[What to do] Give again, word for word, the lines below that run from the line with "Scanalka er et" through the line with "Wild dogs have". Drop the pictures.

[Stored data]
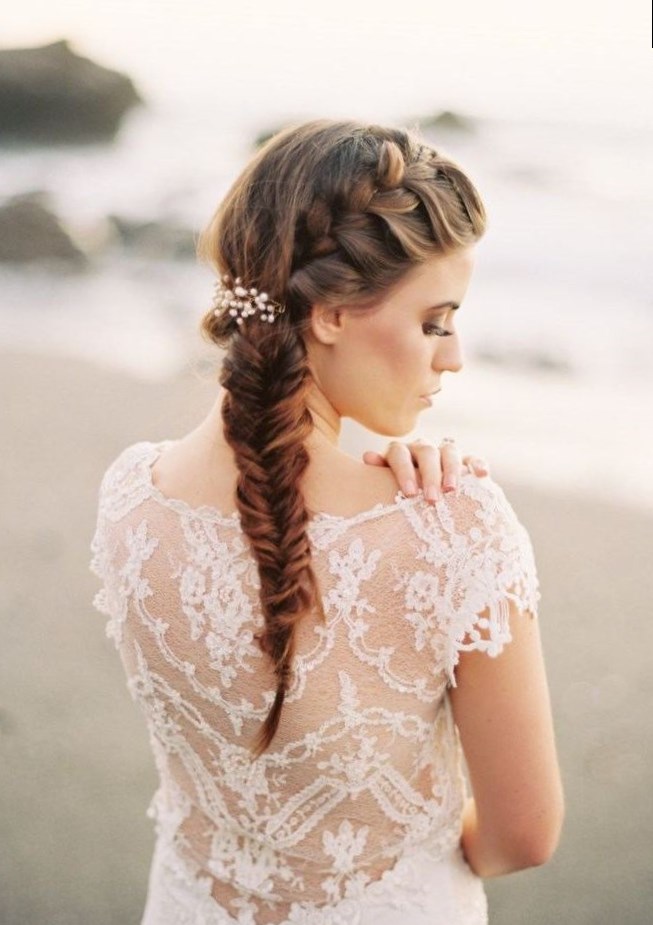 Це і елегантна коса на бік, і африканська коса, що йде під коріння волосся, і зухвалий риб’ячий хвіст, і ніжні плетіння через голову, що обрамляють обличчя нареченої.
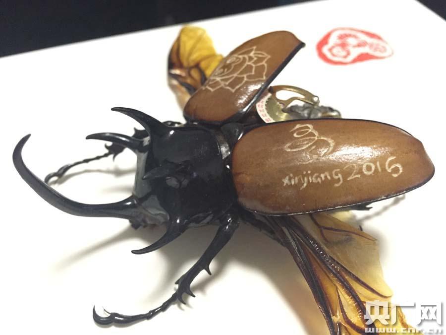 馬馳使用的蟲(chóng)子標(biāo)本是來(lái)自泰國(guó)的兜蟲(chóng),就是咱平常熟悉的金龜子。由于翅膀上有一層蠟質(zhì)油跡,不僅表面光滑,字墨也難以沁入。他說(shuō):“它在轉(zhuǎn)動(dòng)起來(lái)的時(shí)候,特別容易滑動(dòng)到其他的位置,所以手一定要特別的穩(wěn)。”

--

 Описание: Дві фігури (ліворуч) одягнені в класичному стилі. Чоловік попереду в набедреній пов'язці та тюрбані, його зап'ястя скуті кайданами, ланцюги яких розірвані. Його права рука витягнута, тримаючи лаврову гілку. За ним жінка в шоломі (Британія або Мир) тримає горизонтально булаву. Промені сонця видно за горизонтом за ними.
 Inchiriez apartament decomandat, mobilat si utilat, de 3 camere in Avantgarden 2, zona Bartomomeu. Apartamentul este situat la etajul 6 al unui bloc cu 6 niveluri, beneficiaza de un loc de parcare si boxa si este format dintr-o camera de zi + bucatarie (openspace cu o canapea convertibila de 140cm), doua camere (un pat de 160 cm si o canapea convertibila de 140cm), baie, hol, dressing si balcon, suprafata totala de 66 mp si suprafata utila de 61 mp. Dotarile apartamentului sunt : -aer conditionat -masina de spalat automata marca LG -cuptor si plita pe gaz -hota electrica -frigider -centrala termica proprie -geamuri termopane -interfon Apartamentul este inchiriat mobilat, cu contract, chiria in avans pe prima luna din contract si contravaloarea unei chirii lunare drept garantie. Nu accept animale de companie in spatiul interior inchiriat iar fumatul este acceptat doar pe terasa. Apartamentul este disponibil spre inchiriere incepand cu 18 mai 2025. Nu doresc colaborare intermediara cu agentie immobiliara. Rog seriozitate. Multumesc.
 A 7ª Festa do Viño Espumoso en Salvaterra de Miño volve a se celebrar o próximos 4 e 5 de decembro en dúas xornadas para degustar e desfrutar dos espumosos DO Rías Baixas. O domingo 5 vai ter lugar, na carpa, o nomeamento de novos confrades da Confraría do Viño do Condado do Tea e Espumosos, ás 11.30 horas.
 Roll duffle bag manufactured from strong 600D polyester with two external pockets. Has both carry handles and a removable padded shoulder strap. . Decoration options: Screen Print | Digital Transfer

...

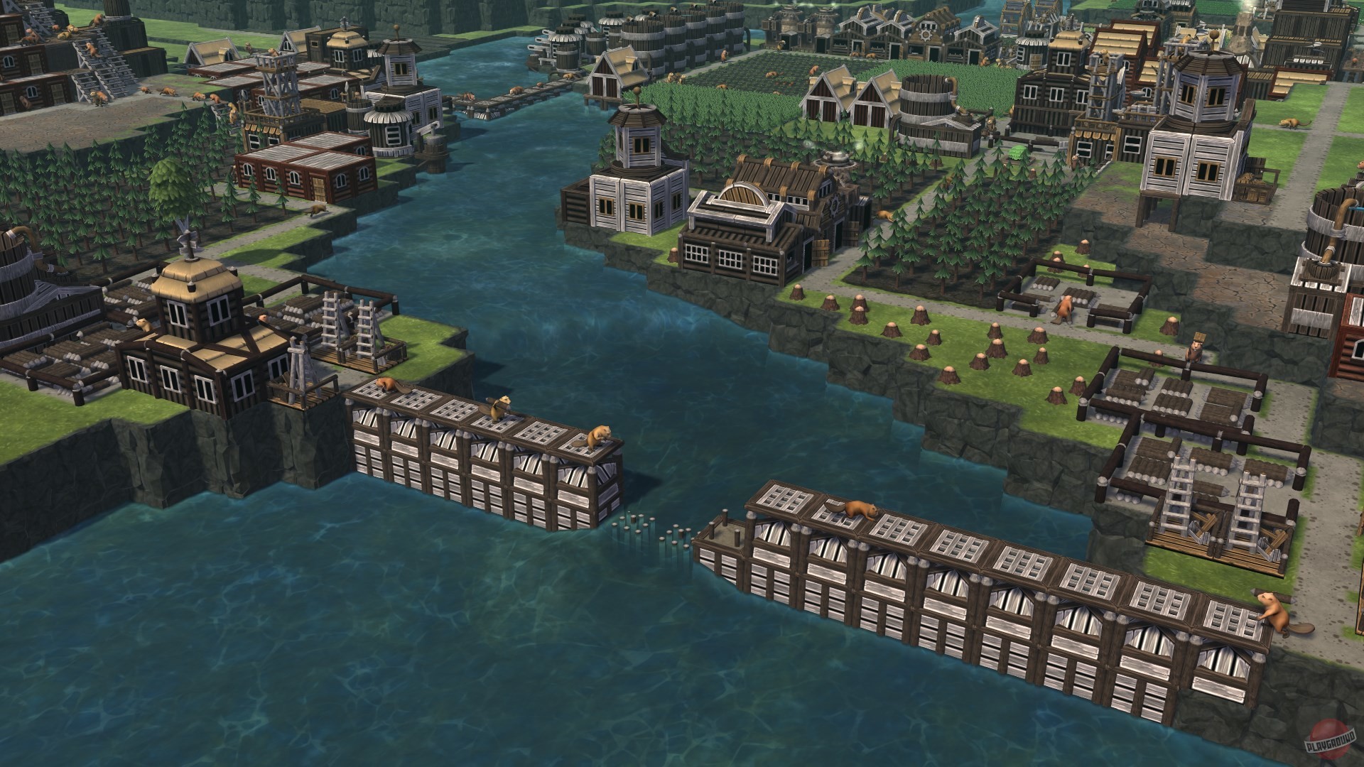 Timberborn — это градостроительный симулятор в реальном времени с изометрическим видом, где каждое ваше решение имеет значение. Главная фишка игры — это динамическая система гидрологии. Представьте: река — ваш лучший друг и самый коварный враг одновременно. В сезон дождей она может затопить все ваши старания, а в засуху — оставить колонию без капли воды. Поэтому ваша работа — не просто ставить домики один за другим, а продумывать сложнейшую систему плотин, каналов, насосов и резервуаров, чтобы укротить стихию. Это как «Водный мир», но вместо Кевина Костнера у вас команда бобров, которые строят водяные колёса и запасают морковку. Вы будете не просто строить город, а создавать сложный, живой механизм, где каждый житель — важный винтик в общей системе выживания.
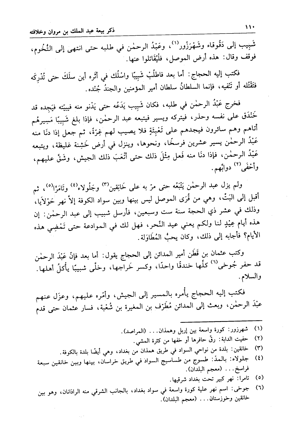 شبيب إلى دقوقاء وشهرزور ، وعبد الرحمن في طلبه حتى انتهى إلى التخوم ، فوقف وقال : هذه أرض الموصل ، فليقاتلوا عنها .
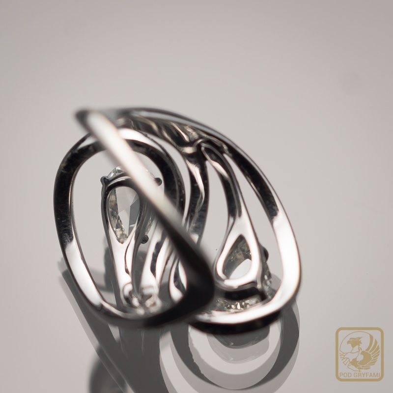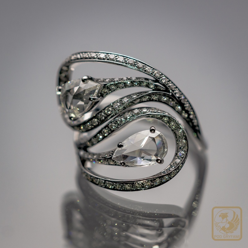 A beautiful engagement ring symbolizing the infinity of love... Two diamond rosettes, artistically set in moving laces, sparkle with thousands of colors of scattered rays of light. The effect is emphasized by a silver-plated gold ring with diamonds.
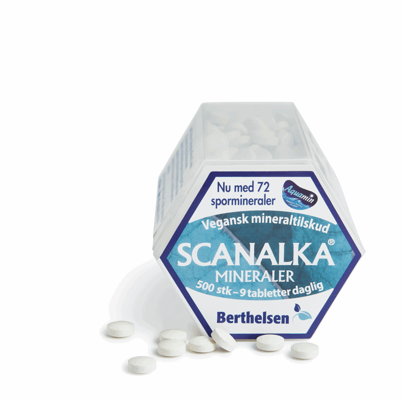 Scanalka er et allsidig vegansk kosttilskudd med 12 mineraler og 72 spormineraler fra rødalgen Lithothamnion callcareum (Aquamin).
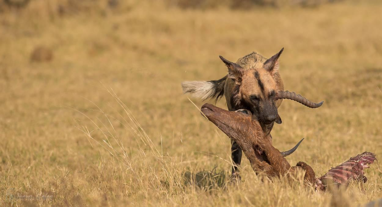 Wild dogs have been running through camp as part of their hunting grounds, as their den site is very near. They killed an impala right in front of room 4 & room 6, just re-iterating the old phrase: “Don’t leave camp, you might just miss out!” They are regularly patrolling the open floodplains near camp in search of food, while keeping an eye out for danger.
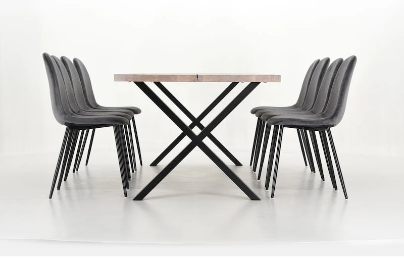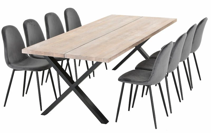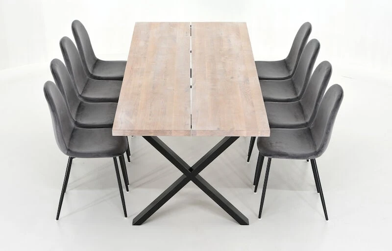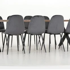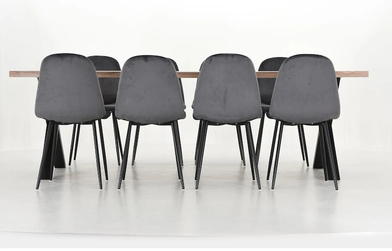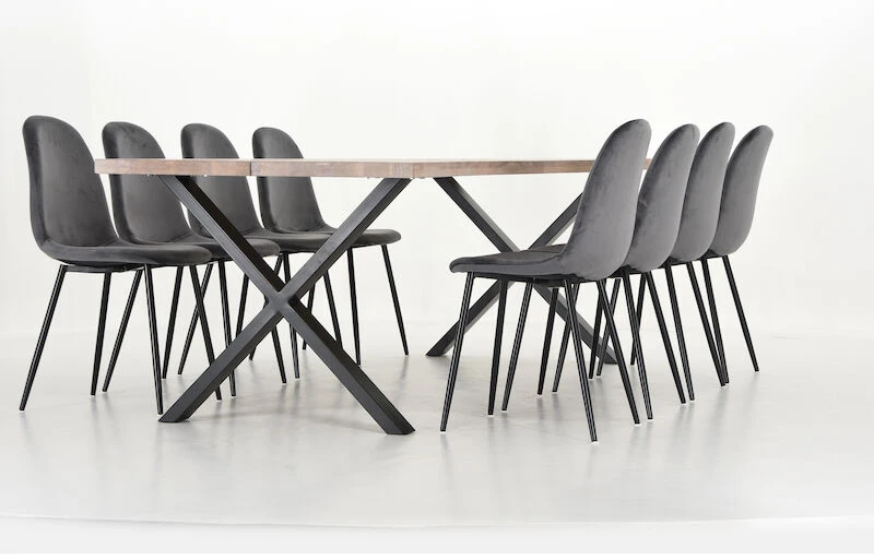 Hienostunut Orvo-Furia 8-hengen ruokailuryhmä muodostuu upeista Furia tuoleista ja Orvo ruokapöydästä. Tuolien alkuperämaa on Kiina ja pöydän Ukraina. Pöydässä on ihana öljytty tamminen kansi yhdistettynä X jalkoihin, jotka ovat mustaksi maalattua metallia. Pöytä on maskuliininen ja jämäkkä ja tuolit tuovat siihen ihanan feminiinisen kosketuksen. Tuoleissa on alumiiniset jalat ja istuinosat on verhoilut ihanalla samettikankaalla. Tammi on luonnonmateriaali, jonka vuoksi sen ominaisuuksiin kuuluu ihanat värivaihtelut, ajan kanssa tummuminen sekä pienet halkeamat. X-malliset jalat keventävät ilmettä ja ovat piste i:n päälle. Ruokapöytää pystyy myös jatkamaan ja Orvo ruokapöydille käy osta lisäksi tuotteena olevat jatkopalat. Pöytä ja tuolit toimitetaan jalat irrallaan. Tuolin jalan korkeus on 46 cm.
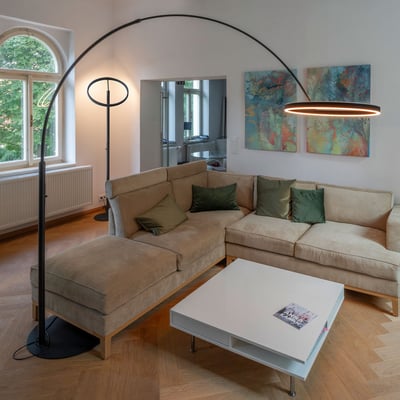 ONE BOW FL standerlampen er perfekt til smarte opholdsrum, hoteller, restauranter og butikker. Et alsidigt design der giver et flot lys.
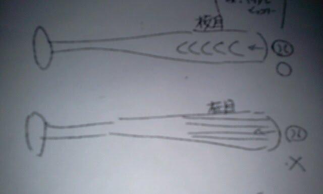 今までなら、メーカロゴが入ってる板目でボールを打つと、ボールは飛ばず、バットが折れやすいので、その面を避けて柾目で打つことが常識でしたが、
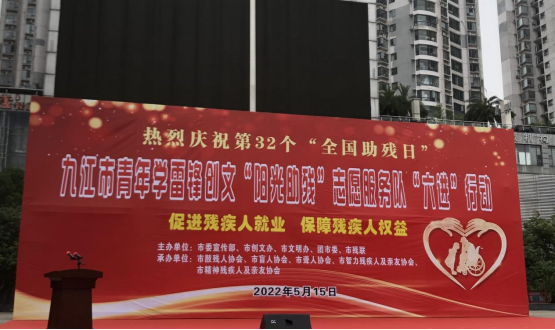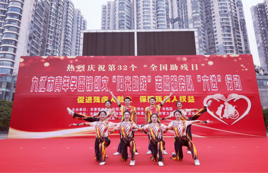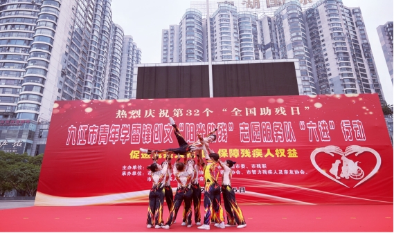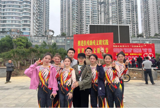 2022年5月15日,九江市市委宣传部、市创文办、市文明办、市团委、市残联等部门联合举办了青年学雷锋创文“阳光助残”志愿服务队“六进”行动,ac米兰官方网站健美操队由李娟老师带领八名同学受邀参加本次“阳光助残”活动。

[Reply to the exercise]
 Scanalka er et allsidig vegansk kosttilskudd med 12 mineraler og 72 spormineraler fra rødalgen Lithothamnion callcareum (Aquamin).
 Wild dogs have been running through camp as part of their hunting grounds, as their den site is very near. They killed an impala right in front of room 4 & room 6, just re-iterating the old phrase: “Don’t leave camp, you might just miss out!” They are regularly patrolling the open floodplains near camp in search of food, while keeping an eye out for danger.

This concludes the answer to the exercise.